Abstract

South Georgia is a heavily glaciated sub-Antarctic island in the Southern Ocean. Cumberland Bay is the largest fjord on the island, split into two arms, each with a large marine-terminating glacier at the head. Although these glaciers have shown markedly different retreat rates over the past century, the underlying drivers of such differential retreat are not yet understood. This study uses observations and a new high-resolution oceanographic model to characterize oceanographic variability in Cumberland Bay and to explore its influence on glacier retreat. While observations indicate a strong seasonal cycle in temperature and salinity, they reveal no clear hydrographic differences that could explain the differential glacier retreat. Model simulations suggest the subglacial outflow plume dynamics and fjord circulation are sensitive to the bathymetry adjacent to the glacier, though this does not provide persuasive reasoning for the asymmetric glacier retreat.

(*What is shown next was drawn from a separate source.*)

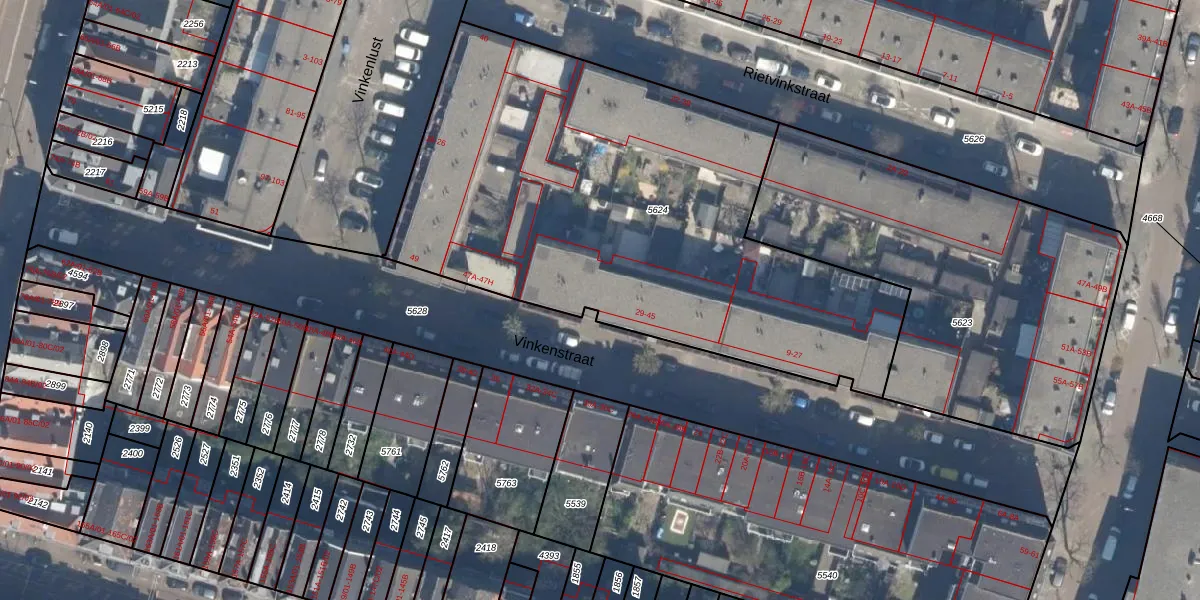 Vinkenstraat 41 is gelegen op kadastraal perceel RTD07W5624. Deze kadastrale aanduiding is uniek en wordt gebruikt door het Kadaster om eigendomsrechten en andere zakelijke rechten vast te leggen. Het perceel maakt onderdeel uit van de kadastrale gemeente Rotterdam.

The addition of a postulated shallow inner sill in one fjord arm, however, significantly changes the water properties in the resultant inner basin by blocking the intrusion of colder, higher salinity waters at depth. This increase in temperature could significantly increase submarine melting, which is proposed as a possible contribution to the different rates of glacier retreat observed in the two fjord arms. This study represents the first detailed description of the oceanographic variability of a sub-Antarctic island fjord, highlighting the sensitivity of fjord oceanography to bathymetry. Notably, in fjords systems where temperature decreases with depth, the presence of a shallow sill has the potential to accelerate glacier retreat.